巨響把看得兩眼發直的蘇慶生與老鐘驚醒了,連忙掉頭就跑,那個眼鏡早跑出了閱覽室,外面也有亂跑的人,其中還有個管理員,四面八方都是老鼠啃書本和木頭的聲音,伴隨著櫃子翻倒的響聲,一片混亂,後來還有昏了頭的老鼠四處亂跑,混亂升級。

大老鼠絲毫不怕人,膽子大的還咬人,有動作不靈敏的被咬掉了肉,血腥味似乎刺激了老鼠,更多的老鼠跑了出來。

蘇慶生隨著老鐘跑到了圖書館外大街上,看著趕來的警察鎮定地開槍將大老鼠一只只擊斃,也有很多漏網的,都跑掉了。

蘇慶生一直緊緊地跟著老鐘,這時候劇烈跳動的心才慢慢平覆。

對於圖書館大老鼠事件,警察並沒有定論,很多目測此事的人猜想是饑餓導致,也有少數人懷疑是老鼠發生了變異,不管是饑餓還是變異,都不是好消息。

類似的事件還有很多,在A市,全國,全球相繼發生,愈演愈烈。

驚魂普定的蘇慶生這才發現自己手裏居然還緊緊地抱著那本磚頭一樣的字典,他望望遠處的圖書館,對上老鐘的目光,老鐘似乎知道他在想什麽,搶過字典拿著,把蘇慶生拉走了。

沒想到老實的老鐘會做這樣的事,不過老鐘知道蘇慶生很看重這些蝌蚪一樣的字,道:“看幾天再送回來。現在圖書館那麽亂,你送回去那些人也是隨便扔到角落裏。”

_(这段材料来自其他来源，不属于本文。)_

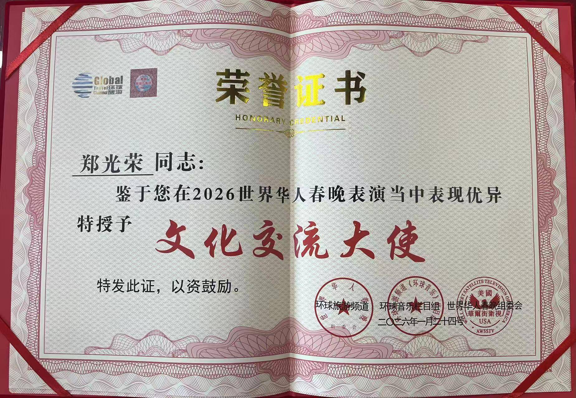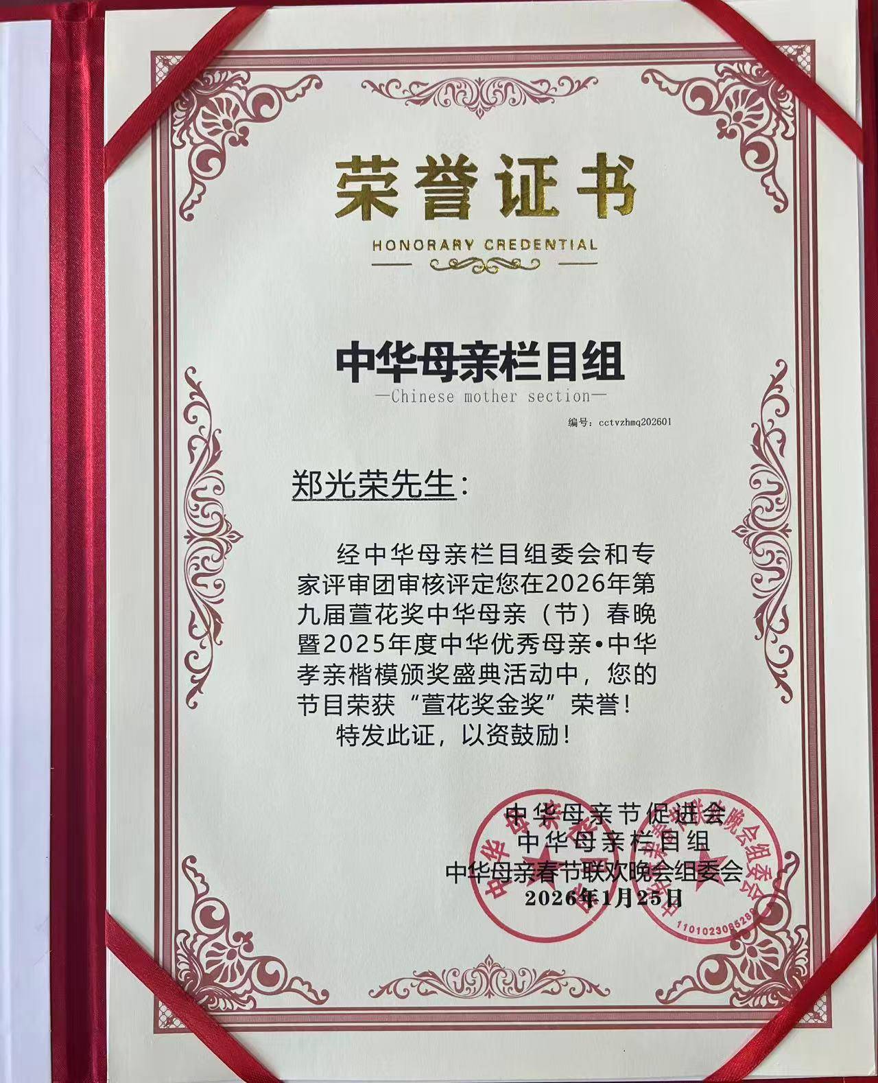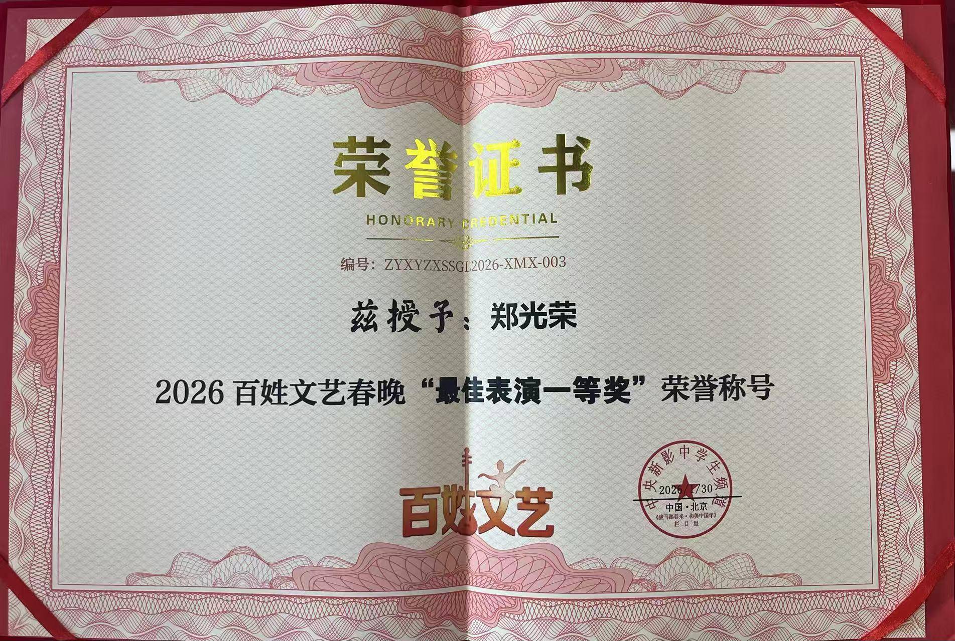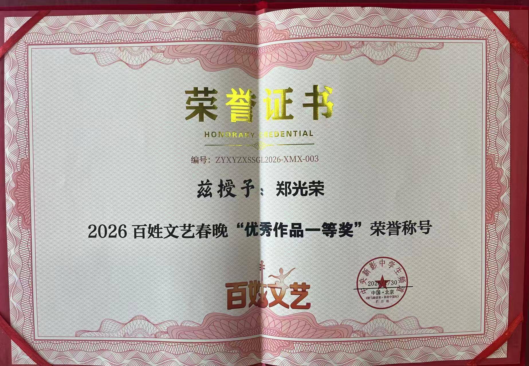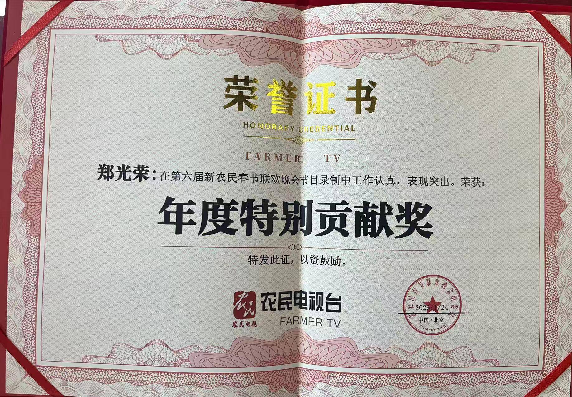 2026年1月24日,北京,2026第六届新农民春节联欢晚会(新农春晚)圆满完成录制。北京市非物质文化遗产吆喝(叫卖)传承人郑光荣,以晚会执行导演身份深度参与本届新农春晚全流程创作,并受邀担任晚会推荐官登台献艺,凭借卓越的组织执行能力与极具创新的舞台表现,荣获晚会“年度特别贡献奖”,用乡音与匠心为新时代农民文化发声,为乡村振兴精神文化建设注入强劲动力。

蘇慶生本來就不堅定的心動搖了,隨著離圖書館越來越遠,也就不堅持了,但受到這些年的教育,始終有種做賊的感覺,臉上就有些火辣辣的。

路上老鐘說家裏米快吃完了,要再買去,蘇慶生跟著老鐘去了趟商店,一袋20斤的大米漲到了130塊,很多商店都賣斷了貨,連別的食品也被恐慌的人們買走了大半,貨架上有些空。

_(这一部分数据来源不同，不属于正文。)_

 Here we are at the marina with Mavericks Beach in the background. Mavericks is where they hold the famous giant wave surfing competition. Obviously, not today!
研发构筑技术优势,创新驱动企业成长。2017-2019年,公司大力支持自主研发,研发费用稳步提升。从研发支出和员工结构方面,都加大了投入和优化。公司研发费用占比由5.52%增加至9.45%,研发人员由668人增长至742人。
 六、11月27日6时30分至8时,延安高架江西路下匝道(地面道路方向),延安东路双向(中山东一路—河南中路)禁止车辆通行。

老鐘臉色凝重,蘇慶生在他旁邊抱著字典也沒有說話,兩人一路沈默著回到了出租房。

蘇慶生埋頭做飯,老鐘就守在他那個破收音機旁。

收音機的信號時斷時續,收聽到的都是壞消息。惡劣的天氣對各行各業都產生了影響,雖說國家有特殊時期的應急措施,但當全國乃至全球範圍都隨著天氣的變壞而動蕩起來,應急措施就有點不夠用了,騷亂,暴動,恐怖襲擊,有些國家甚至全民動員,提高兵役人數和年限,實行軍管。

讓蘇慶生一下提高了註意力的是幾則消息。

一些地方發現有動物的體質和習性都在改變,雖然緩慢卻是顯而易見的,有專家說跟天氣有關系,這些適應力強的動物隨著環境而改變自己,是很正常的事情。

也有聲音說,有人發現太陽光中多了一種以前從未發現過的物質,“第二非典”和動物的變化興許跟這種物質有關系。

有個小電臺專門播放一些匪夷所思的消息,關於異能,也有人稱為“魔法”的消息,一般人對此都是嗤之以鼻,不過電臺的人卻說得有鼻子有眼,時間地點人物一個不少。

老鐘神情有些呆滯,過了片刻,問:“你相信嗎?”

蘇慶生打小身體就不太好,臉色總是病態的蒼白,瘦瘦小小的,發育遲緩,在同齡人都長個變聲的時期,他看去就跟發育不良一樣,嗓音依然是男女不分的童音,做事說話都不急不慢,有同學喊他“娘娘腔”,後來傳開了,蘇慶生就很少說話了,直到加入建築隊,天天在日光裏幹活,膚色加深,嗓音也終於有了變化,變成略帶沙啞的清越之音。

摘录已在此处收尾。